### [What this task involves]
Search the records for "high". Copy every line where it appears.

### [Information shown]
+--
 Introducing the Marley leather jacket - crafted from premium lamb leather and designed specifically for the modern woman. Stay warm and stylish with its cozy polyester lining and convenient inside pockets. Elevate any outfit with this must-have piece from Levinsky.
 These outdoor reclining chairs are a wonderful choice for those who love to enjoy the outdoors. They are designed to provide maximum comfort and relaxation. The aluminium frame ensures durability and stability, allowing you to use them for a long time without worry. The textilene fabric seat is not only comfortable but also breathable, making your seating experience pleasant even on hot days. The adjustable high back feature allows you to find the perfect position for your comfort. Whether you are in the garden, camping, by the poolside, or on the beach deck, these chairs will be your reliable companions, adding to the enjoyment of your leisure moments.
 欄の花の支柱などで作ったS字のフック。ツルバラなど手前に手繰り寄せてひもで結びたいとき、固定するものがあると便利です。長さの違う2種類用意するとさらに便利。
+--
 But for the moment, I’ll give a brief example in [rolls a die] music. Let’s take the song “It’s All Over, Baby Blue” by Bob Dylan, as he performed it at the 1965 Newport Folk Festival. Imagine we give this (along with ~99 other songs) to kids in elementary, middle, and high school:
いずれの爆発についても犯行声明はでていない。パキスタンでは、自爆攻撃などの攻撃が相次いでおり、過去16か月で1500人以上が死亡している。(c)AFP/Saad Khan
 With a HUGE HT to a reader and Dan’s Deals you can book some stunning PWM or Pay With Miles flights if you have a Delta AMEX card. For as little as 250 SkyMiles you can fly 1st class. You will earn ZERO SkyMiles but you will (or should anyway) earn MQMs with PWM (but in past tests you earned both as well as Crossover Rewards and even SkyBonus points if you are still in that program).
+--
### [Solution to this exercise]
 These outdoor reclining chairs are a wonderful choice for those who love to enjoy the outdoors. They are designed to provide maximum comfort and relaxation. The aluminium frame ensures durability and stability, allowing you to use them for a long time without worry. The textilene fabric seat is not only comfortable but also breathable, making your seating experience pleasant even on hot days. The adjustable high back feature allows you to find the perfect position for your comfort. Whether you are in the garden, camping, by the poolside, or on the beach deck, these chairs will be your reliable companions, adding to the enjoyment of your leisure moments.
 But for the moment, I’ll give a brief example in [rolls a die] music. Let’s take the song “It’s All Over, Baby Blue” by Bob Dylan, as he performed it at the 1965 Newport Folk Festival. Imagine we give this (along with ~99 other songs) to kids in elementary, middle, and high school:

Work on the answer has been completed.